• #Twitter #bots rampant in news, porn and sports links, Pew finds


    (Photo: Leon Neal, AFP/Getty Images)

    There's a lot of bots out there on Twitter.

    That's the message from a new Pew Research Center study, out Monday, which found that two-thirds of tweets that link to digital content are generated by bots — accounts powered by automated software, not real tweeters.

    Researchers analyzed 1.2 million tweets from last summer (July 27-Sept. 11), most of which linked to more than 2,300 popular websites devoted to sports, celebrities, news, business and sites created by organizations.

    Two-thirds (66%) of those tweets were posted or shared by bots and even more, 89%, of links that led to aggregation sites that compile stores posted online were posted by bots, the study says.

    The findings suggest that bots "play a prominent and pervasive role in the social media environment,” said Aaron Smith, associate research director at Pew, which used a "Botometer" developed at the University of Southern California and Indiana University to analyze links and determine if was posted by an automated account.

    “Automated accounts are far from a niche phenomenon: They share a significant portion of tweeted links to even the most prominent and mainstream publications and online outlets," Smith said in comments accompanying the study. "Since these accounts can impact the information people see on social media, it is important to have a sense their overall prevalence on social media.”

    The Pew researchers did not attempt to assess the accuracy of the material shared by the bots. Also not determined: whether the bots were “good” or “bad" or "whether the content shared by automated accounts is truthful information or not, or the extent to which users interact with content shared by suspected bots,” said Stefan Wojcik, a computational social scientist said in the study.

    Other findings about bots:

    • Bots were responsible for about 90% of all tweeted links to popular adult content websites, 76% of popular sports sites, and 66% to news and current events sites.
    • Some bots do more work than others. The 500 most-active suspected bot accounts sent 22% of tweeted links to popular news and current events sites. In comparison, the 500 most-active human tweeters sent about 6% of links to the outlets.
    • Bot accounts with a political bias were equally liberal or conservative.

    Bots have long plagued Twitter and other researchers have estimated as many as 15% of all Twitter accounts could be fake. Twitter has said the number is lower.
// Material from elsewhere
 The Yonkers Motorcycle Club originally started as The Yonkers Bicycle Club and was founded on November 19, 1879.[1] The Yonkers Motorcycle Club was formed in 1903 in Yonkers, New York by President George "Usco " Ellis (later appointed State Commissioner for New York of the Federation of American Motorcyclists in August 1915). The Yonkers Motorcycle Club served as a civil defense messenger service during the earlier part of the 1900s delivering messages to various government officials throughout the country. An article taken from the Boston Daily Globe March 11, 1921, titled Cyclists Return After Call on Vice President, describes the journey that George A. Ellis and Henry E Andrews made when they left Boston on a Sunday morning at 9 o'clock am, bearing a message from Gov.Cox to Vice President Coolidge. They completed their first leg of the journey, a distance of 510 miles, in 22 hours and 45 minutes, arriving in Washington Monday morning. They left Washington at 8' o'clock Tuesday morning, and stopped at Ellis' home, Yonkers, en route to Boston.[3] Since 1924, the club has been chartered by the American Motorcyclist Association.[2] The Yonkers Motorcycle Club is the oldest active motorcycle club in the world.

    Twitter's rules allow automated software, but bans the posting of misleading or abusive content or spam. In February, Twitter suspended multiple accounts following the indictment by special counsel Robert Mueller of Russian nationals for meddling in the U.S. election, including using fake Twitter accounts to wage "information warfare" against the U.S.

    The social network also attempts to remove deliberately manipulative tweets and shared offered details about that process Friday in an online post from Del Harvey, Twitter's vice president for trust and safety.
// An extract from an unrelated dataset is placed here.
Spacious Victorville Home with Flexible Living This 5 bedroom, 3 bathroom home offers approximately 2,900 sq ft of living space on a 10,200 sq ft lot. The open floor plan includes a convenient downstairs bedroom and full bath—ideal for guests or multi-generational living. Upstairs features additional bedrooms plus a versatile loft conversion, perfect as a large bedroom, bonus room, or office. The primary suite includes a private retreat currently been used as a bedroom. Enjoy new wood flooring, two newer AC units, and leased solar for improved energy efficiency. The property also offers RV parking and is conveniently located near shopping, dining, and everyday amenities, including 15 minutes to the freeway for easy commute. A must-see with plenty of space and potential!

    During Tuesday's shooting at YouTube headquarters in San Bruno, Calif., Twitter began to see accounts "deliberately sharing deceptive, malicious information, sometimes organizing on other networks to do so," Harvey says. That activity is typical as information about tragedies emerges and presents "an especially difficult and volatile challenge" in how to respond to "people who are deliberately manipulating the conversation on Twitter in the immediate aftermath of tragedies like this," she says.

    Twitter "should not be the arbiter of truth," Harvey says, but the network does have rules against abusive behavior, hateful conduct, violent threats, spam and against suspended users creating new accounts.
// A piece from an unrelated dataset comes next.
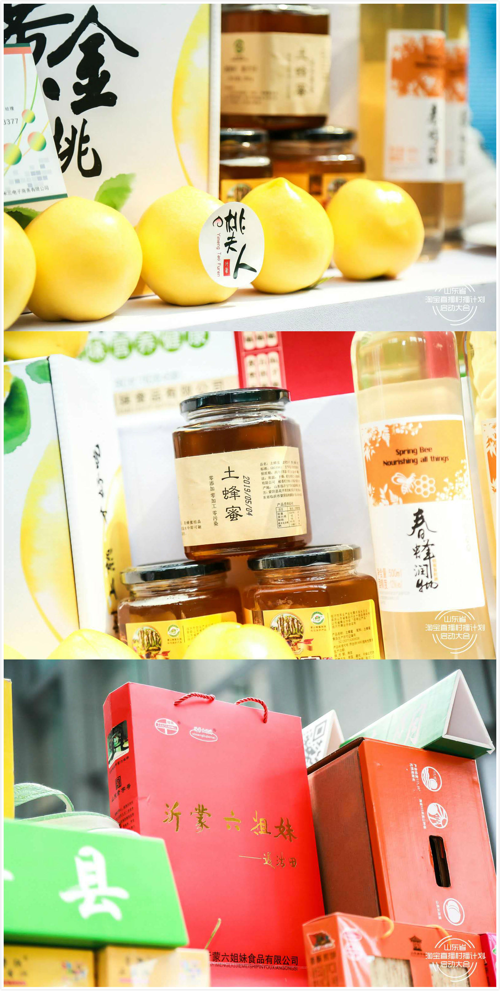 蒙阴蜜桃、蒙阴蜂蜜、蒙阴大樱桃、六姐妹煎饼、蒙阴小米等众多产品在现场展示,并通过淘宝官方频道“淘live”上13个直播间不间断直播。此次直播,13个直播间累计观看人次突破300万人次,蒙阴蜜桃、蜂蜜、大樱桃销售共计4000余单,销售额近20万元。

    In recent months, Twitter has improved its tools and ability to respond to manipulative activity on the service, she says. After the YouTube shooting, "we immediately started requiring account owners to remove Tweets — many within minutes of their initial creation — for violating our policies on abusive behavior," she says. "We also suspended hundreds of accounts for harassing others or purposely manipulating conversations about the event."

    Automated systems also helped prevent suspended tweeters from creating new accounts and helped find "potentially violating Tweets and accounts" for the staff to review, she says.

    At the same time, the Twitter team "was also focused on identifying and surfacing relevant and credible content people could trust," Harvey says. "Moments highlighting reliable information were available in 16 countries and in five different languages — many within 10 minutes of the first Tweets — and also surfaced within top trends related to the situation."

    Twitter continues to deploy technology and people to improve the situation, she says. "We're committed to continuing to improve and to holding ourselves accountable as we work to make Twitter better for everyone," Harvey says. "We’re looking forward to sharing more soon."

    Follow USA TODAY reporter Mike Snider on Twitter: @MikeSnider.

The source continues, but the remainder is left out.